▶ **Task directions**
Set down, word for word, only the lines from the start of the records through the line bearing "近日,教育部公布了第二批国家"; include no pictures.

:::

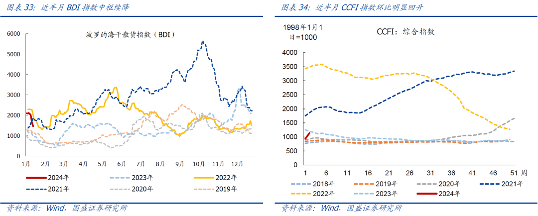 出口运价:BDI指数续降,CCFI指数环比明显回升。近半月来,波罗的海干散货指数(BDI)环比回落13.1%,相比2023年同期偏高约71.2%。中国出口集装箱运价指数(CCFI)环比回升16.1%,可能跟红海冲突等因素有关;相比2023年同期仍偏低约15.5%,降幅进一步收窄。
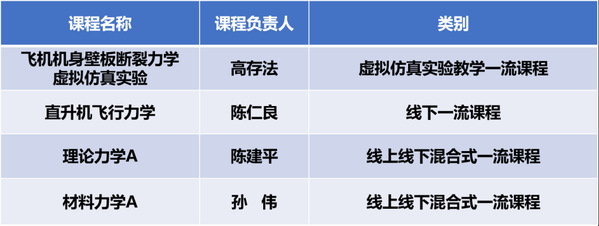 近日,教育部公布了第二批国家级一流本科课程名单。Betway体育西汉姆联4门本科课程获批第二批国家级一流本科课程,获批数量占学校总获批数量的1/4,全校排名第一。其中,由高存法教授负责的《飞机机身壁板断裂力学虚拟仿真实验》获评“虚拟仿真实验教学一流课程”,由陈仁良教授负责的《直升机飞行力学》获评“线下一流课程”,由陈建平教授负责的《理论力学A》和由孙伟副教授负责的《材料力学A》获评“线上线下混合式一流课程”。
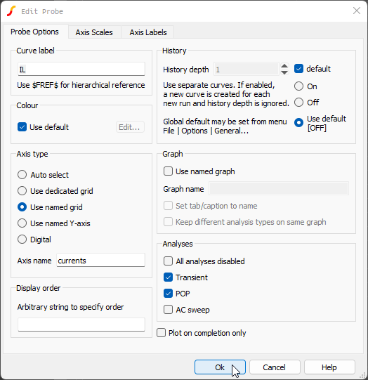 This section of the tutorial explains the process of automatically outputting curves to separate grids. While there are several ways to interactively move curves to new grids on the waveform viewer (e.g. ), these methods need to be run after every simulation. Instead of describing the interactive methods, this topic focuses on automatically making these measurements by adding the measurement definitions to the fixed probes.
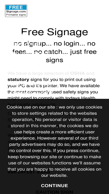 67%print free osha occupational safety and health related signs. all free no need to log in. the largest selection of free signs in pdf format for you to print and use. a totally non commercial website.
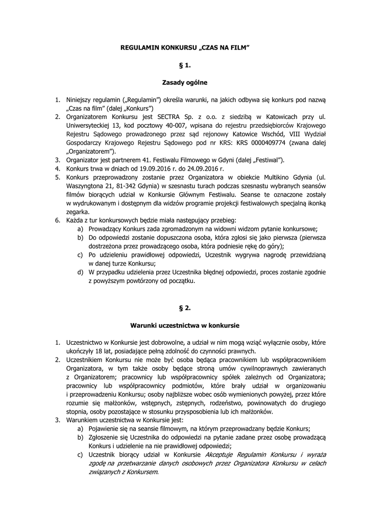 REGULAMIN KONKURSU „CZAS NA FILM” § 1. Zasady ogólne 1. Niniejszy regulamin („Regulamin”) określa warunki, na jakich odbywa się konkurs pod nazwą „Czas na film” (dalej „Konkurs”) 2. Organizatorem Konkursu jest SECTRA Sp. z o.o. z siedzibą w Katowicach przy ul. Uniwersyteckiej 13, kod pocztowy 40-007, wpisana do rejestru przedsiębiorców Krajowego Rejestru Sądowego prowadzonego przez sąd rejonowy Katowice Wschód, VIII Wydział Gospodarczy Krajowego Rejestru Sądowego pod nr KRS: KRS 0000409774 (zwana dalej „Organizatorem”). 3. Organizator jest partnerem 41. Festiwalu Filmowego w Gdyni (dalej „Festiwal”). 4. Konkurs trwa w dniach od 19.09.2016 r. do 24.09.2016 r. 5. Konkurs przeprowadzony zostanie przez Organizatora w obiekcie Multikino Gdynia (ul. Waszyngtona 21, 81-342 Gdynia) w szesnastu turach podczas szesnastu wybranych seansów filmów biorących udział w Konkursie Głównym Festiwalu. Seanse te oznaczone zostały w wydrukowanym i dostępnym dla widzów programie projekcji festiwalowych specjalną ikonką zegarka. 6. Każda z tur konkursowych będzie miała następujący przebieg: a) Prowadzący Konkurs zada zgromadzonym na widowni widzom pytanie konkursowe; b) Do odpowiedzi zostanie dopuszczona osoba, która zgłosi się jako pierwsza (pierwsza dostrzeżona przez prowadzącego osoba, która podniesie rękę do góry); c) Po udzieleniu prawidłowej odpowiedzi, Uczestnik wygrywa nagrodę przewidzianą w danej turze Konkursu; d) W przypadku udzielenia przez Uczestnika błędnej odpowiedzi, proces zostanie zgodnie z powyższym powtórzony od początku. § 2. Warunki uczestnictwa w konkursie 1. Uczestnictwo w Konkursie jest dobrowolne, a udział w nim mogą wziąć wyłącznie osoby, które ukończyły 18 lat, posiadające pełną zdolność do czynności prawnych. 2. Uczestnikiem Konkursu nie może być osoba będąca pracownikiem lub współpracownikiem Organizatora, w tym także osoby będące stroną umów cywilnoprawnych zawieranych z Organizatorem; pracownicy lub współpracownicy spółek zależnych od Organizatora; pracownicy lub współpracownicy podmiotów, które brały udział w organizowaniu i przeprowadzeniu Konkursu; osoby najbliższe wobec osób wymienionych powyżej, przez które rozumie się małżonków, wstępnych, zstępnych, rodzeństwo, powinowatych do drugiego stopnia, osoby pozostające w stosunku przysposobienia lub ich małżonków. 3. Warunkiem uczestnictwa w Konkursie jest: a) Pojawienie się na seansie filmowym, na którym przeprowadzany będzie Konkurs; b) Zgłoszenie się Uczestnika do odpowiedzi na pytanie zadane przez osobę prowadzącą Konkurs i udzielenie na nie prawidłowej odpowiedzi; c) Uczestnik biorący udział w Konkursie Akceptuje Regulamin Konkursu i wyraża zgodę na przetwarzanie danych osobowych przez Organizatora Konkursu w celach związanych z Konkursem. § 3. Nagrody i sposób ich przyznania 1. Zwycięzca Konkursu zostanie wyłoniony przez Organizatora wyłącznie spośród osób, które zgłoszą się do udzielenia odpowiedzi. 2. Zwycięzca to osoba, która jako pierwsza udzieli prawidłowej odpowiedzi na zadane pytanie konkursowe. 3. Nagrodami w Konkursie są zegarki marki Atlantic (model 62341.41.61 oraz model 29034.44.21). 4. Zwycięzca nie może przenieść praw do odebrania przyznanej nagrody na osoby trzecie. Nagrody nie podlegają wymianie na gotówkę lub innego rodzaju świadczenia. § 4. Reklamacje 1. Wszelkie reklamacje Uczestników dotyczące Konkursu, Uczestnik może zgłosić drogą e-mailową na adres [email protected] lub złożyć na piśmie na adres: SECTRA Sp. z o.o. ul. Uniwersytecka 13, 40-007 Katowice, z dopiskiem "Czas na film", w terminie do 14 (czternastu) dni od dnia zakończenia Konkursu. 2. O zachowaniu terminu do wniesienia reklamacji decyduje data maila lub stempla pocztowego. 3. Reklamacja powinna zawierać dane uczestnika: imię, nazwisko, adres korespondencyjny, adres e-mail oraz przyczynę reklamacji wraz z jej uzasadnieniem. 4. Organizator dołoży najwyższych starań, aby reklamacje były rozpatrzone w terminie 14 (czternastu) dni od dnia ich otrzymania. Uczestnik zostanie powiadomiony o rozpatrzeniu reklamacji niezwłocznie za pośrednictwem poczty elektronicznej, na adres e-mail podany w zgłoszeniu reklamacyjnym lub pocztą. § 5. Ochrona danych osobowych 1. Zwycięzca zobowiązuje się do podania swojego imienia, nazwiska oraz adresu e-mail w celach związanych z Konkursem. 2. Dane osobowe Uczestników Konkursu będą przetwarzane zgodnie z przepisami ustawy z dnia 29 sierpnia 1997r. o ochronie danych osobowych (tekst jednolity: Dz. U. z 2002r. Nr 101, poz. 926 z późn. zm.) na potrzeby przeprowadzenia Konkursu, wyłonienia zwycięzców, wydania nagród. 3. Administratorem danych osobowych jest Organizator. Dane mogą być powierzone do przetwarzania podmiotom działającym na zlecenie Organizatora, w związku z Konkursem. 4. Udostępnienie danych osobowych przez Uczestników jest dobrowolne, jednakże jest niezbędne w celu wzięcia udziału w Konkursie, w tym do otrzymania nagrody. Uczestnik ma prawo dostępu do treści swoich danych oraz do ich poprawiania na warunkach określonych w ustawie o ochronie danych osobowych. § 6. Postanowienia końcowe 1. Uczestnik biorąc udział w Konkursie potwierdza, że jest świadomy, iż o wygranej nagrodzie nie decyduje przypadek lecz działanie Uczestnika. 2. Przystąpienie do Konkursu jest równoznaczne z akceptacją przez Uczestnika warunków Konkursu określonych w Regulaminie. Uczestnik zobowiązuje się do przestrzegania określonych w nim zasad, jak również potwierdza, iż spełnia wszystkie warunki, które uprawniają go do udziału w Konkursie. 3. Nagrody w Konkursie zostaną wydane zgodnie z przepisami ustawy z dnia 26 lipca 1991 roku o podatku dochodowym od osób fizycznych (tj. Dz. U. z 2012r., poz. 361) tj. z uwzględnieniem wpłacenia przez Organizatora kwoty podatku w wysokości 10% wartości całej nagr
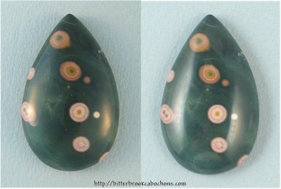 Big, heavy Ocean Jasper teardrop. Crisp to muted orbs; the second big orb from the top has two "echo" orbs to its right (the smaller is barely visible). There is a small chip on the lower right edge that is not visible from the front, and a scratch on the back (made probably by me); hence the lower price. 43mm x 27mm x 9mm. Weight: 74.90 carats. Every one of my cabochons is custom cut to take the best advantage of the particular slab from which it is fashioned. Colors may vary somewhat from what is pictured due to differences in computer monitors. Click the image on the right to see the cabochon super-sized... Do you like Ocean Jaspers? Click here to see all of the Ocean Jaspers on the site! |

:::

▶ **Written response**
 出口运价:BDI指数续降,CCFI指数环比明显回升。近半月来,波罗的海干散货指数(BDI)环比回落13.1%,相比2023年同期偏高约71.2%。中国出口集装箱运价指数(CCFI)环比回升16.1%,可能跟红海冲突等因素有关;相比2023年同期仍偏低约15.5%,降幅进一步收窄。
 近日,教育部公布了第二批国家级一流本科课程名单。Betway体育西汉姆联4门本科课程获批第二批国家级一流本科课程,获批数量占学校总获批数量的1/4,全校排名第一。其中,由高存法教授负责的《飞机机身壁板断裂力学虚拟仿真实验》获评“虚拟仿真实验教学一流课程”,由陈仁良教授负责的《直升机飞行力学》获评“线下一流课程”,由陈建平教授负责的《理论力学A》和由孙伟副教授负责的《材料力学A》获评“线上线下混合式一流课程”。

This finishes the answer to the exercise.